= Exercise data =

Segment Open

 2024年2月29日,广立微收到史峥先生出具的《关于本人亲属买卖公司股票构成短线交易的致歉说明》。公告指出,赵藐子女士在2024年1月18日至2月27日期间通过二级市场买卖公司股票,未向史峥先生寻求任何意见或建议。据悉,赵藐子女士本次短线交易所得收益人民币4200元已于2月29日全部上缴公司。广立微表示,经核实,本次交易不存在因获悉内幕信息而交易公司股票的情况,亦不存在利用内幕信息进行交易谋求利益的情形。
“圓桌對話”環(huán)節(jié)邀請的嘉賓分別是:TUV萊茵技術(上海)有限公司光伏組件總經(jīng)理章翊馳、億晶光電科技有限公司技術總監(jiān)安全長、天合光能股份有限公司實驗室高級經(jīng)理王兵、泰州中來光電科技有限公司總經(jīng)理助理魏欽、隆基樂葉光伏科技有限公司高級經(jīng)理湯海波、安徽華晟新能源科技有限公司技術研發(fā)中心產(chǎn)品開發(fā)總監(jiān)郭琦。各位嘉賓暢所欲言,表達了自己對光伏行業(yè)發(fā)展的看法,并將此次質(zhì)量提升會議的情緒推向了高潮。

Segment Closed
Segment Open

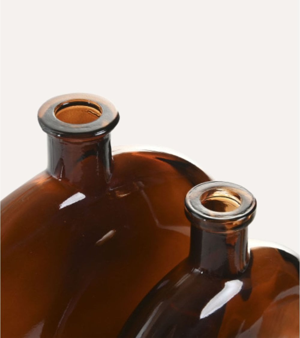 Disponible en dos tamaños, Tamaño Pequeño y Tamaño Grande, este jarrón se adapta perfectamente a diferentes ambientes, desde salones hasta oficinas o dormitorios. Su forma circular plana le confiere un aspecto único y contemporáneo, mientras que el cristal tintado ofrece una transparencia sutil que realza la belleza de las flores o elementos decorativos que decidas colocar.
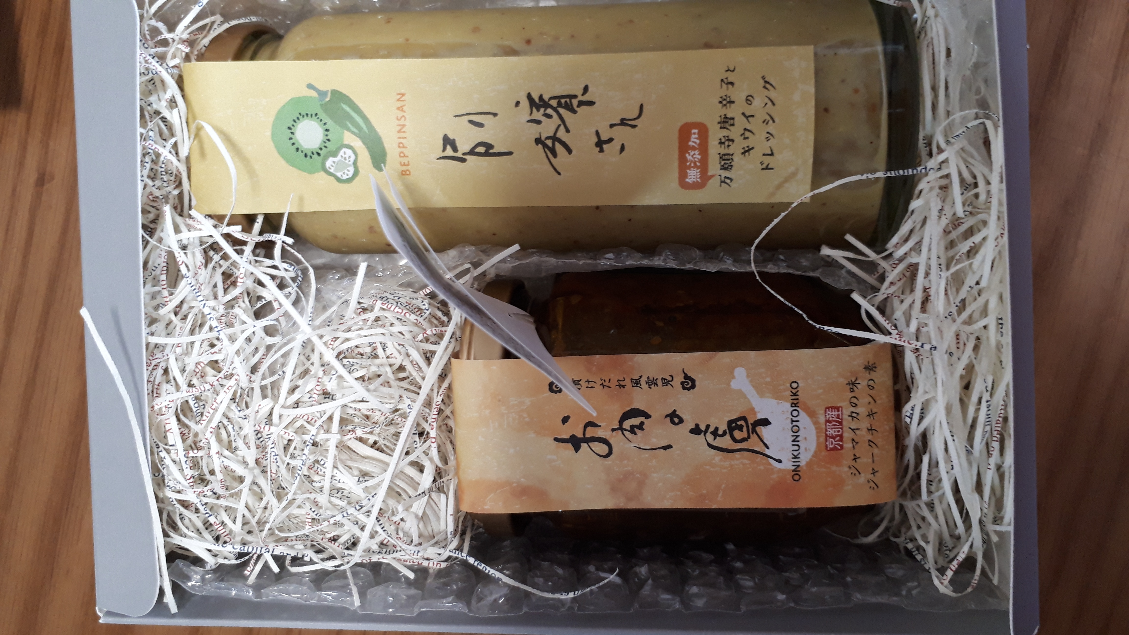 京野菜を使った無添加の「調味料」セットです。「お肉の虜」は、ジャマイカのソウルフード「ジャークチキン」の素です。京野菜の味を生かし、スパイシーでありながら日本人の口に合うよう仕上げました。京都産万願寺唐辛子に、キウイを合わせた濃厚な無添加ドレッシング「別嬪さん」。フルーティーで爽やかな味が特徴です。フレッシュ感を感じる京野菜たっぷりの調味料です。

Segment Closed

From the material above, give again exactly the lines from the one that contains "Disponible en dos" through the one that contains "京野菜を使った無添加の「調味", and leave out the pictures.

= Exercise output =
 Disponible en dos tamaños, Tamaño Pequeño y Tamaño Grande, este jarrón se adapta perfectamente a diferentes ambientes, desde salones hasta oficinas o dormitorios. Su forma circular plana le confiere un aspecto único y contemporáneo, mientras que el cristal tintado ofrece una transparencia sutil que realza la belleza de las flores o elementos decorativos que decidas colocar.
 京野菜を使った無添加の「調味料」セットです。「お肉の虜」は、ジャマイカのソウルフード「ジャークチキン」の素です。京野菜の味を生かし、スパイシーでありながら日本人の口に合うよう仕上げました。京都産万願寺唐辛子に、キウイを合わせた濃厚な無添加ドレッシング「別嬪さん」。フルーティーで爽やかな味が特徴です。フレッシュ感を感じる京野菜たっぷりの調味料です。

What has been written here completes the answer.